Visible vertical variations of tidal currents were observed on all stations. Ellipse amplitude had a general decreasing trend with depth, whose rate was higher in the lower layer and at shallow water sites. The velocity of M2 constituent, with larger value than other tidal components, also presented a comparatively notable vertical difference, reaching ~20 cm/s at M02–M04 and ~10 cm/s near M01. The condition was somewhat special on site M02 with deeper water, where the maximum speed occurred in the upper or middle layers (~30 m for spring, ~40 m for summer, and ~20 m for winter) instead of near the surface. Rotation rate usually increased with depth, while the change of ellipse inclination and phase appeared generally small and irregular. For M2 tidal currents, the variation ranges of these three parameters were ~0.1°, ~5°, ~10° in winter, and around or less than 0.3°, 20°, 30° during summer. Phase of this constituent tended to decrease vertically in the vast majority of our measurements. The larger vertical differences of ellipse parameters in summer than in winter had implied certain seasonal changes of tidal currents in the NYS. Further comparisons of the multiple observations on the same site indicated that there were no fundamental variations on the property of local tidal flow, but the details of its vertical distribution were diverse between seasons. The M2 constituent at site M02, for example, were approximately homogeneous in the upper 40 m layer and varied rapidly below during the summer of 2006, differing from the gradual vertical change observed in winter.

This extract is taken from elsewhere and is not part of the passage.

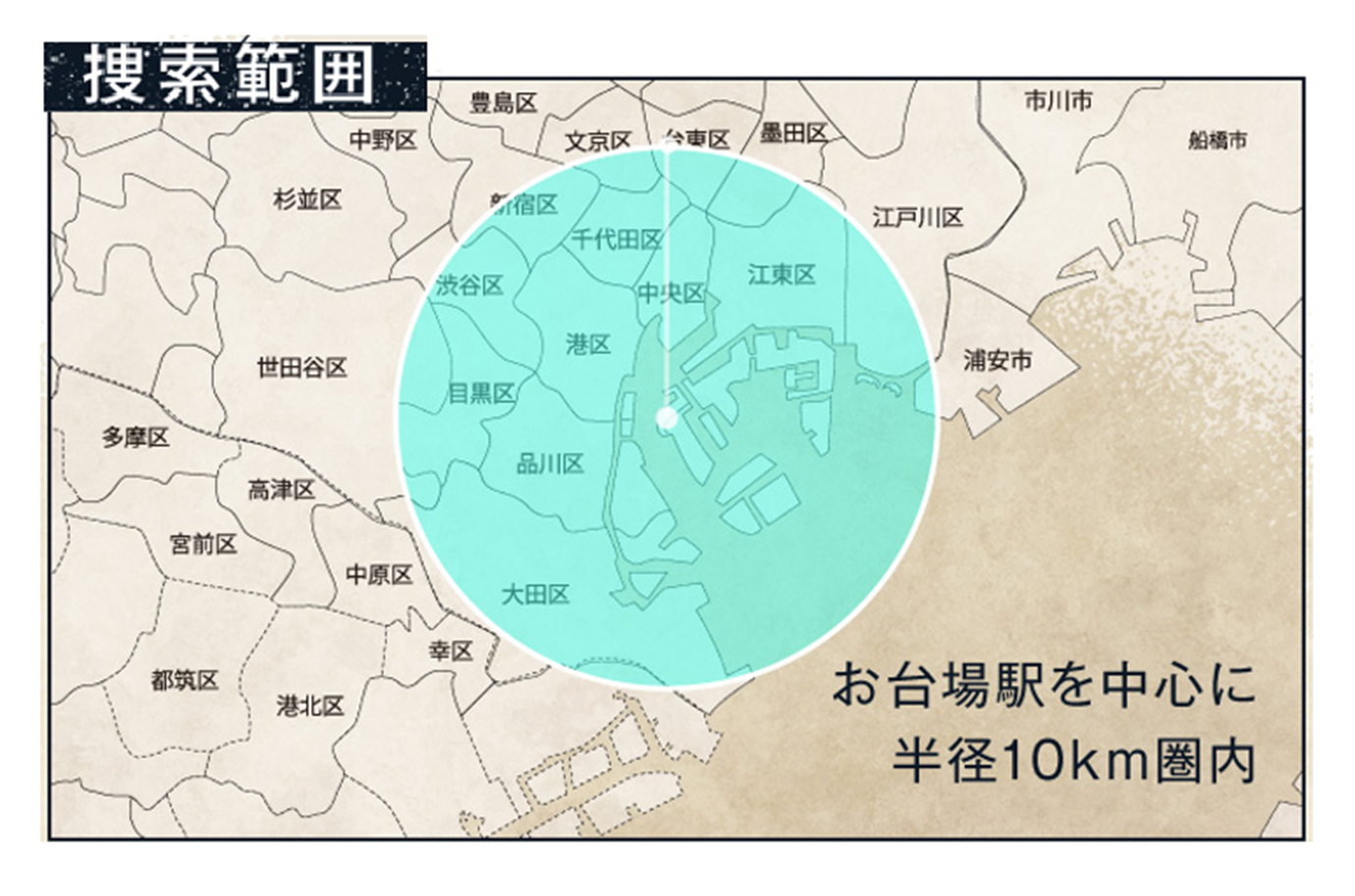 開催場所:ゆりかもめ「台場」駅から半径10km圏内

Rotary spectrum analysis (Fig. 4) showed two remarkable peaks at diurnal and semidiurnal periods, suggesting the significance of tidal movement in the NYS once again. The vertical and seasonal variations of peak energies were also consistent with the foregoing characteristics of tidal current ellipses. The spectral density distributions, moreover, indicated some other features. Energy density of diurnal tidal currents was on the whole larger than that of semidiurnal periods in the BS. The proportion of counterclockwise-rotating component to total energy increased with depth at all sites, particularly in summertime. Additionally, several periodic signals with small amplitudes could be detected sometimes, for example, apparent peaks at ~4, ~6 and ~8 hours frequency bands as well as a constituent with a period of ~19.2 hours (not so obvious). They were only outstanding at some sites in certain seasons. The former appeared to coincide with the shallow water constituents driven by nonlinear interaction between main tidal components under the shallows environment, and the latter, represented by clockwiserotating energy, reflected the inertial oscillation in the measurements.

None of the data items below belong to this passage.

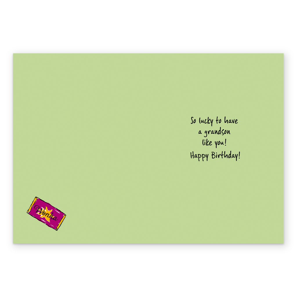 Message inside reads: So lucky to have a grandson like you! Happy Birthday!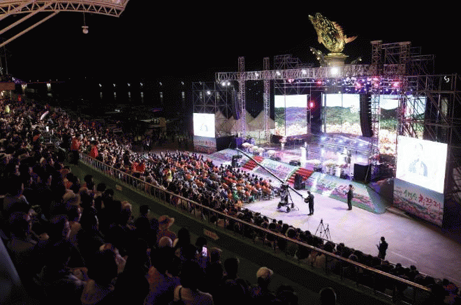 23ÀÏ ¹ã¿¡´Â ¼öº¯ Ư¼³¹«´ë ¾Õ ¾ç¹é»êÀ» ¹è°æÀ¸·Î ¾à 700m¿¡ ´ÞÇÏ´Â ÃÊ´ëÇü ¸ÖƼ¹Ìµð¾î ¼î ¡®·¹ÀÌÀú¼î+ºÒ²É³îÀÌ¡¯°¡ ÆîÃÄÁø´Ù.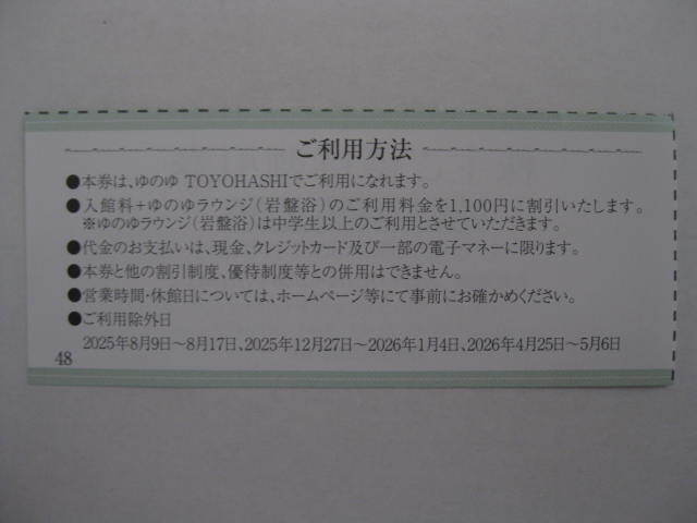****      ゆのゆ TOYOHASHI ご利用料金 割引券 1枚で2名OK 名鉄 株主優待 割引券 名鉄インプレス  を出品します。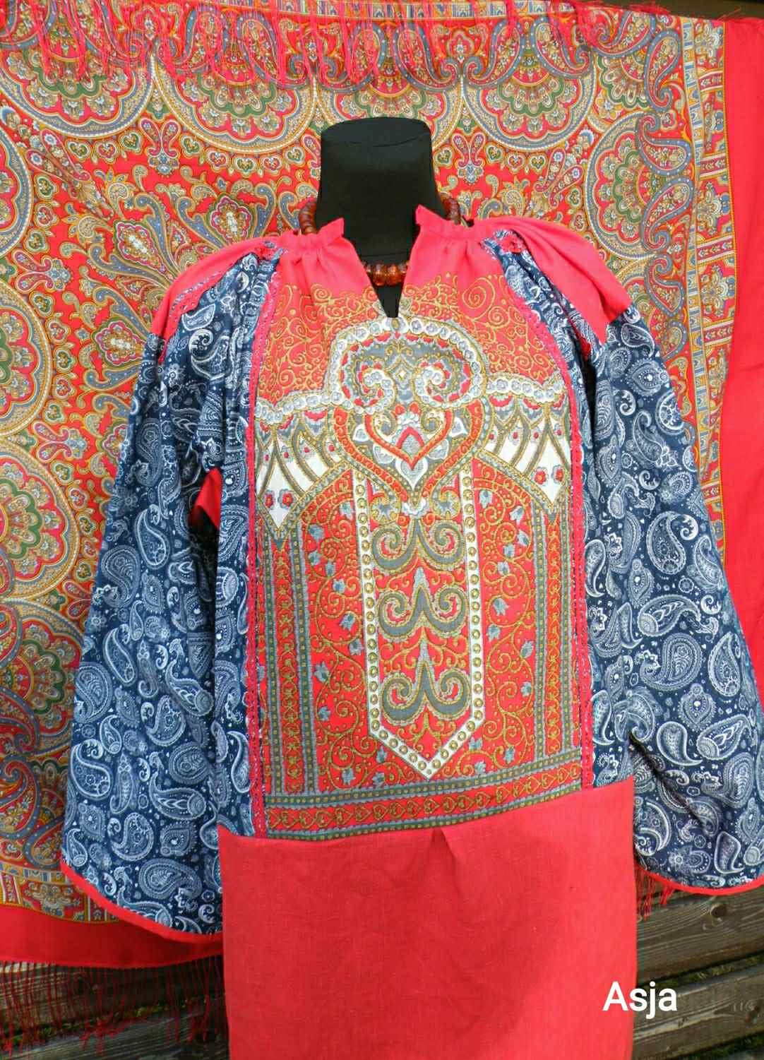 Тип рубахи "с прямыми поликами" очень широко был распространен,свою выкройку я сочинила на основе обмеров образцов из этнографических экспедиций в Латгалии,это часть Латвии,заселенная ,в том числе,русскими староверами,сохранившими этот тип костюма до 60х гг. 20 века.

Fig.4 Rotary spectra of observed currents Limited by the length of this paper, take the results of several sites in certain seasons as examples. a. the spectral density distributions at depths of 2, 8, 14, 21, 27 m on M01 in summer; b. rotary spectra of vertically averaged currents on M01 in winter, M02 in spring and summer, M03 in summer, and M04 in winter. Black line: the total energy; red line: the clockwise energy; and blue line: the counter-clockwise energy. The spectra at different depths or different moorings were shifted by 106, 103, 100, 10-3, and 10-6, respectively. The common peaks were labeled by grey dashed lines. From left: constituents with diurnal, inertial, semi-diurnal, third-diurnal, quarter-diurnal, and sixth-diurnal periods. The 95% confidence intervals in (b) were omitted for clarity, and all the abovementioned peaks were statistically significant.
3.2 Mean flow

Figure 5 clearly shows the observed spatial distribution of mean flow. On the slope area south of the Changshan Archipelago (M01, Cur03 and Cur01), westward currents were predominant in spring and summer, with strong along-isobath components. Considerable spatial and interannual variations of mean flow were found there during summer. The vertically averaged velocity was 2.78 cm/s at Cur01, weaker than that at Cur03 of 8.05 cm/s. Current directions on site M01 were westward and southwestward respectively, over the same period in 2006 and 2009. For the autumn and winter seasons, southeastward cross-slope flow with similar vertical structures appeared in this region. The main reasons behind the significant seasonal transition and the visible summertime differences of local currents are worthy of attention. Contributions of different dynamic factors, such as the monsoon, the YSCWM and the coastal river plume, to the mean flow here in the four seasons still remain unclear.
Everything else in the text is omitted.